Dr. Şekercioğlu; insanlığın kuşlara olan hayranlığı sayesinde, binlerce ornitologun (kuş bilimci) ve milyonlarca kuş gözlemcisinin, yüzlerce yıldır kuşların hayatıyla ilgili sayısız veri topladığını belirtiyor ve ekliyor: “Birçok kitap, dergi, ve bilimsel makalede yayımlanan bu veriler, kuşları en iyi bilinen canlı grubu yapmıştır. Biz bu araştırmamızla, kuşlarla ilgili en temel sorulardan birini cevapladık. Neden farklı kuş türleri farklı sayıda yumurta yumurtlar? Elimizdeki coğrafi ve ekolojik veri tabanlarını entegre ederek, kuş türlerinin yumurta sayısını etkileyen ekolojik, evrimsel, davranışsal ve çevresel değişkenleri aynı anda inceleyebildik. Çevresel değişkenliğin daha fazla olduğu yerlerde kuşların daha fazla yumurta yumurtladığını gösterdik. Dünyada kuşlar üzerine yapılan araştırmaların çoğu, çevresel değişkenliğin ve mevsimselliğin daha yüksek olduğu, Avrupa ve Kuzey Amerika gibi gelişmiş ülkelerde yapılmıştır fakat kuş türlerinin çoğu, mevsimselliğin az olduğu tropik bölgelerde yaşar. O yüzden, pek bilinmeyen tropik kuş türlerinde görülen düşük yumurta sayısı, esasında istisna değil, kuşlardaki en yaygın durumdur.
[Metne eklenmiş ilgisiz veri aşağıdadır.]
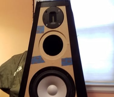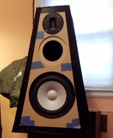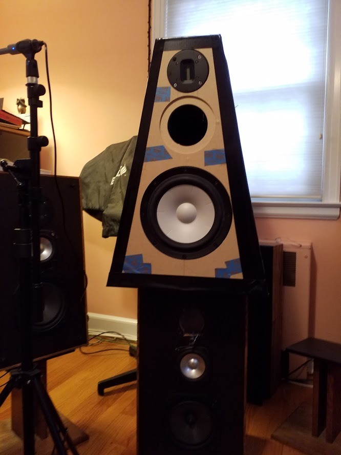Before I started ordering parts, Madison Sound put the SB Acoustics SB23CACS45-4 8" ceramic woofer on sale for $89.00 each. Having just used the 5 inch version in my towers as a midrange and liking the sound I figured why not go bigger than the 6.5 inch Audax woofers so I bought them. I already had a pair of Fountek NeoCd1.0 1.5 Ribbon Tweeters so all I needed was a pair of midrange drivers. Finally I choose to use the just released SB12MNRX2-25-4 midrange. While waiting for these to cross the ocean in a slow boat I built my test enclosure. I decided to try a trapezoidal enclosure even if it was going to be more difficult to build. I had been reading about all the benefits of non-parallel sides on internal reflections. After waiting 3 months for the midranges I finally ran some measurements of the very stylish test enclosure. Much to my surprise and that of others on the DIY forums a trapezoidal enclosure makes an ugly mess of edge diffractions. I was disappointed but I decided that an old school rectangular baffle would sound better than my midcentury modern cabinet.

Ağaç ve topraktaki kovuklarda yuva yapan kuşlara nazaran, açıkta yuva yapan kuş türleri daha fazla yumurta avcısı hayvanın baskısında olduğu için, bu kuş türleri tüm yumurtalarını bir sepete koymaz ve bir seferde daha az sayıda yumurta yumurtlar.”
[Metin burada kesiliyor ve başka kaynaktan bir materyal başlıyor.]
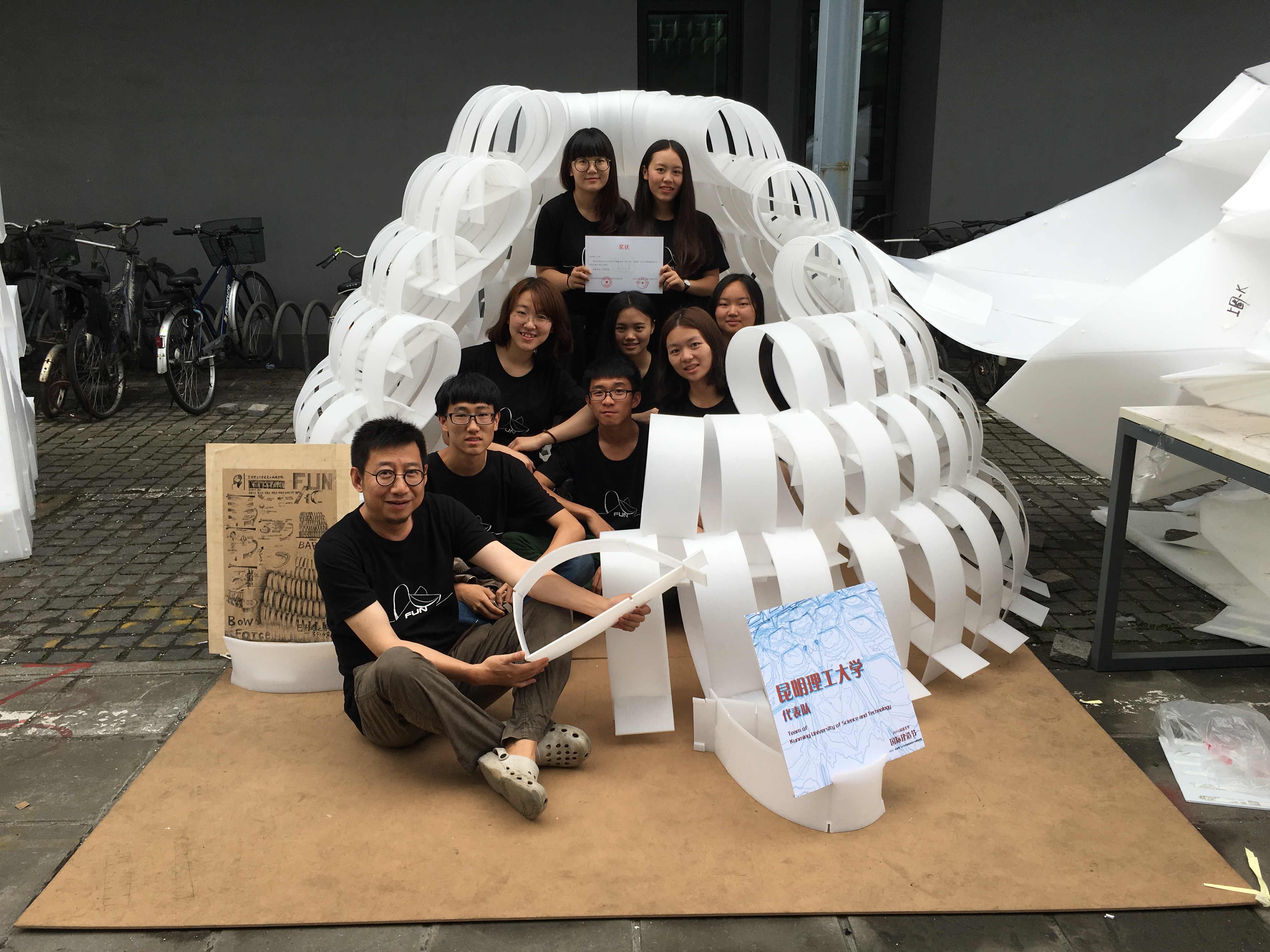 下午5点,58栋风格迥异的中空板建筑矗立在学院广场。参赛作品表现的创意让观众称赞不已:西安建筑科技大学的作品,运用了大大小小的彩色环,象征着孩童时代的天真与欢乐;德国魏玛包豪斯大学的作品,通过中空板的拉伸弯曲,空间可开可合;昆明理工大学的作品不用螺丝,完全采用中空板的自身特性,通过单元体的咬合形成空间;西班牙加泰罗尼亚理工大学的作品把文远楼前的大树利用了起来,将自然界与建造节合二为一;每个参赛高校都展现了不同的创意和设计理念。

Araştırmayı yapan biyologlar, küresel ısınma dünyayı giderek daha fazla etkiledikçe, araştırmada sunulan bilgilerin kuş türlerini korumak için giderek daha önemli olacağını vurguluyorlar.
Dr. Jetz: “Araştırmamız, kuşların yaşadıkları yerlerin ve üreme stratejilerinin iklimle, özellikle de mevsimsellikle yakın bir ilişki içinde olduğunu gösteriyor. Bu yüzden, dünyanın iklimindeki hızlı değişiklikler, kuşların hem yaşama ortamlarını hem de üreme stratejilerini etkileyerek, kuşların yaşadıkları yerler ve yaşam stratejileri arasında milyonlarca yılda oluşmuş sıkı bağı koparabilir” dedi.
Şekercioğlu da şunları ekledi: “Kuş türlerinin çoğu tropik bölgelerde yaşar. Tropikal kuşların az olan yumurta sayısı, fazla değişkenlik göstermeyen tropik iklimler tarafından şekillendirilmiştir. Bu kuşların hayatlarını sürdürebilmesi, bu türlerin binlerce yıldır uyum sağladıkları hava şartlarının devamına bağlıdır. Küresel ısınma ve bunun sonucunda artacak olan hava değişkenliği, az değişen bir havaya uyum sağlamış tropik kuşları tehdit edecektir. Hali hazırda yüzlerce tropik kuş türünün nesli zaten tehdit altındadır. Değişen bir iklim ile bu kuşların üreme stratejileri arasında ortaya çıkacak uyumsuzluklar, bazı türlerin neslini yok olmanın eşiğine getirecektir.”
Ekibin detaylı araştırması, saygın bilim dergisi Public Library of Science (PLOS) Biology’de 8 Aralık’da yayınlandı. Bu makaleye biology.plosjournals.org adresinden ücretsiz ulaşmak mümkün.